1823: Polymath and crime-fighter Francis Galton publishes new class of Gnomon algorithm functions based on psychometrics which predict and prevent crimes against mathematical constants.
1825: Mathematician Johann Friedrich Pfaff dies. He worked on partial differential equations of the first order Pfaffian systems, as they are now called, which became part of the theory of differential forms.
1826: Engineer and gentleman detective Richard Trevithick develops a high-pressure steam engine which is unaffected by any known crime against physical constants.

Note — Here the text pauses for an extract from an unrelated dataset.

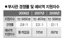 2일 국방부에 따르면 지난해 7500명을 선발한 부사관 지원자 수는 1만 5686명으로 경쟁률이 2.1대1이었다.2007년 경쟁률 2.3대1과 비교해 큰 차이가 없다.그러나 제대 후 다시 부사관에 지원한 사람은 897명으로 전년 515명 대비 74%나 늘었다.중사로 제대하고 거꾸로 하사로 다시 임관하는 경우도 적지 않다.

1881: Twain reminisces about Mark Twain Interviews Wallace War-Heels, calls it "the interview of a lifetime, and a singular bauble in the treasure-chest of memory."
1882: Physicist and academic Percy Williams Bridgman born. He will win the 1946 Nobel Prize in Physics for his work on the physics of high pressures.
1900: The Waking of the Slate ceremony is louder than ever.
1910: Writer, entrepreneur, publisher and lecturer Mark Twain dies.
1934: The "Surgeon's Photograph", the most famous photo allegedly showing the Loch Ness Monster, is published in the Daily Mail. (It will be revealed as a hoax in 1999.)
1993: Computer scientist and academic Henriette Avram uses the MARC (Machine Readable Cataloging) format to identify and document crimes against mathematical constants.
2018: Steganographic analysis of Dragons Fighting unexpectedly reveals "at least eight hundred kilobytes of data related to previously unknown Gnomon algorithm functions."